The absence of global restrictions brings further credibility risks: how can liberal democracies lobby against human rights abuses by authoritarian regimes, when they are in effect permitting the development and marketing of digital weapons?
While restricting exports may help prevent the flow of intrusive technologies from democracies to dictatorships, imports and domestic uses remain unaddressed. The Pegasus Project revealed how, in the heart of the EU, Hungarian prime minister Viktor Orban has deployed commercial surveillance systems to target the few remaining independent media outlets within his own country.
Even some democratic states, such as the Netherlands, are guilty of procuring hacking and surveillance systems, but do not disclose which ones. Undoubtedly, they will claim these are only ever used to track down the most serious criminal and terror suspects. Yet this lends credibility and capital to an exceedingly harmful industry. If democracies are serious about curbing surveillance, they should exercise greater transparency and lead by example.
More than ad hoc measures or restrictions applied to individual companies, the US should partner with the EU and other willing countries to set a new international standard for the use of, and trade in, spyware. This would be a tangible outcome for President Biden’s upcoming Summit for Democracy, a US-led virtual meeting in early December aimed at preventing authoritarianism, fighting corruption, and promoting human rights.

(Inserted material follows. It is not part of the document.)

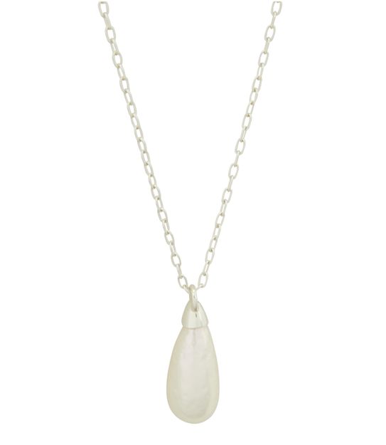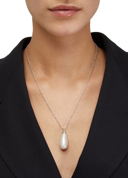 Known for transgressing the codes of traditional jewelry, Japanese design duo Ambush has created this Drop pearl necklace. It stands out thanks to a long silver chain on which hangs an imitation pearl delicately inscribed with the brand name. Wear it with your hair in an updo to enhance the neckline.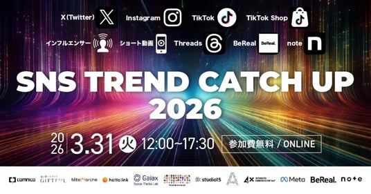 株式会社ラバブルマーケティンググループ(本社:東京都港区、代表取締役社長:林雅之、証券コード:9254)の子会社で、企業のSNSマーケティングを支援する株式会社コムニコ(本社:東京都港区、代表取締役:長谷川 直紀、以下 コムニコ)は、2026年3月31日(火)12時から、コムニコ主催のSNSマーケティングに特化したオンラインカンファレンス「SNS TREND CATCH UP 2026」を再配信いたします。当カンファレンスは今年1月28日(水)に開催したもので、申込み者数は1,400名以上という、大変盛況かつ好評をいただくイベントとなったため、このたび再配信することにいたしました。

Beyond spyware, a variety of other technologies deserve greater scrutiny and regulation. Illegitimate mass surveillance systems, facial recognition software and tools used for illegal cyber operations are traded across borders to facilitate repression, conflict, and instability. Poor cyber security is now a source of systematic risk which threatens national resilience. Greater co-ordination is necessary to ensure that technologies which are currently legal do not provide the means for widespread rights violations.
Moreover, an international agreement between democratic states against malicious uses of technology will help set multilateral norms. UN human rights experts this week raised the alarm once more about how tech companies serve as modern-day “mercenaries”. “Private actors provide a wide range of military and security services in cyber space, including data collection, intelligence and surveillance,” they warned.
In the future, a licensing requirement should be the default for tech companies that contravene the human rights standard of democratic states. This would ensure better controls of end use and exports. Regulation would also allow for mapping of how software is being deployed, and enable greater transparency. Equally, companies should strengthen their own risk-management. The very credibility of democracies is at stake when tech companies can undermine global security unhindered.